_Task to carry out_: Could you output exactly the lines running from the one containing "Den här Vapenskölden" to the final line of the listing below, leaving out pictures?

_Entries provided_:

§

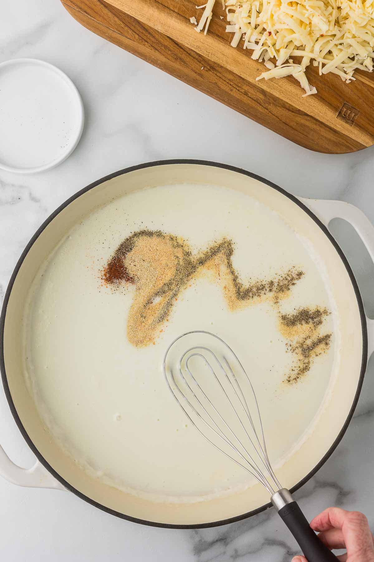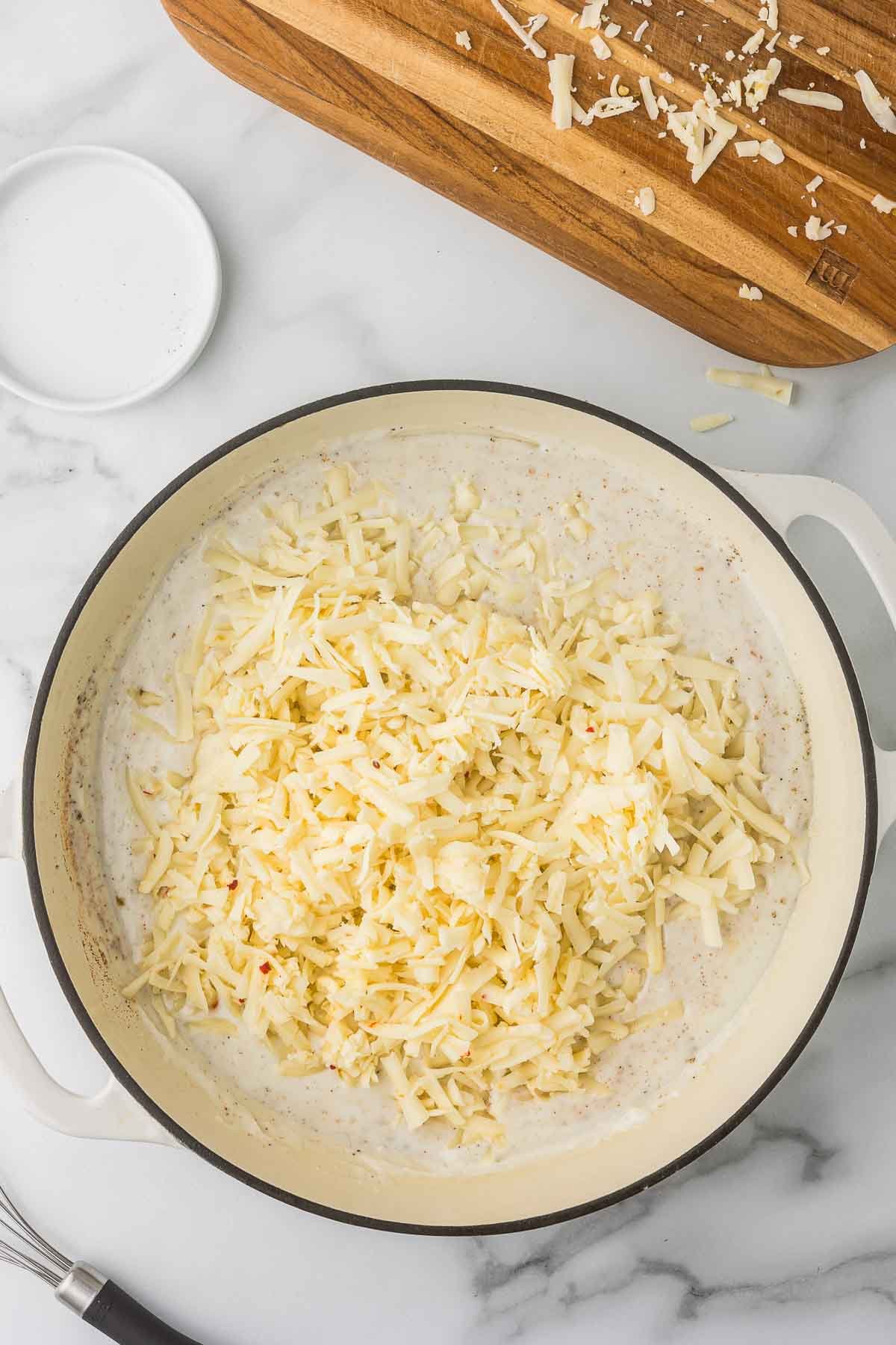 - Cheese: Freshly shredded melts best and gives you the smoothest texture. Pre-shredded will work in a pinch, but to me, the sauce just doesn’t have the same silky texture.
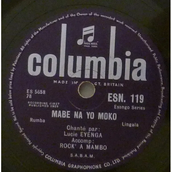 Early Congolese rumba & chachacha on scarce 78 rpm on Esengo Columbia UK, record plays with light noise from pressing & few thin marks, very nice shape.
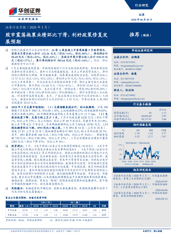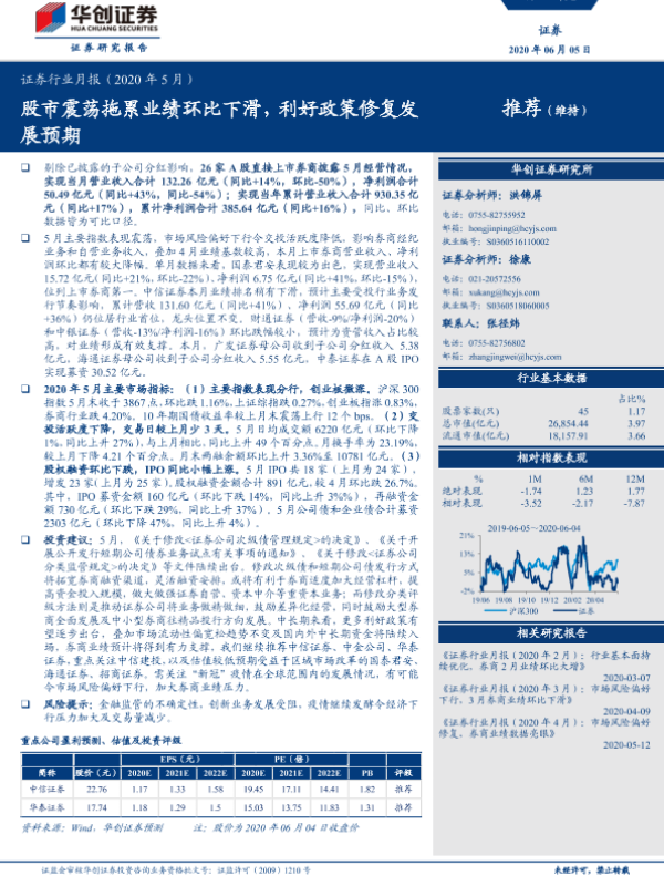 【华创证券】【20200605】证券行业月报:股市震荡拖累业绩环比下滑,利好政策修复发展预期-6页
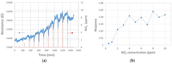 Sensor response at 250 °C to diverse NO2 concentrations: (a) 10 min NO2 exposure followed by 110 min pure SA purge; (b) response to NO2 after 10 min exposure.
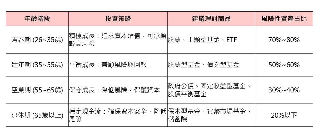 • 退休前應逐步轉向低風險資產,確保穩定收益
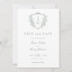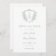 Den här Vapenskölden för Sage Grönt ReEmergency Blommigt Monogram Bröllop spara datum har en vapensköld i vintage stil som är dekorerad med Fransk Ro och klassiskt manusjus för namnen av bruden och trippen.
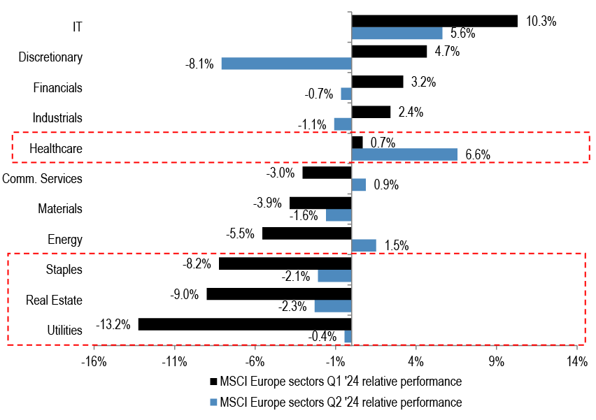 Figure 6: MSCI Europe sectors Q1 ‘24 and Q2 ‘24 relative performance

§

_The answer_:
 Den här Vapenskölden för Sage Grönt ReEmergency Blommigt Monogram Bröllop spara datum har en vapensköld i vintage stil som är dekorerad med Fransk Ro och klassiskt manusjus för namnen av bruden och trippen.
 Figure 6: MSCI Europe sectors Q1 ‘24 and Q2 ‘24 relative performance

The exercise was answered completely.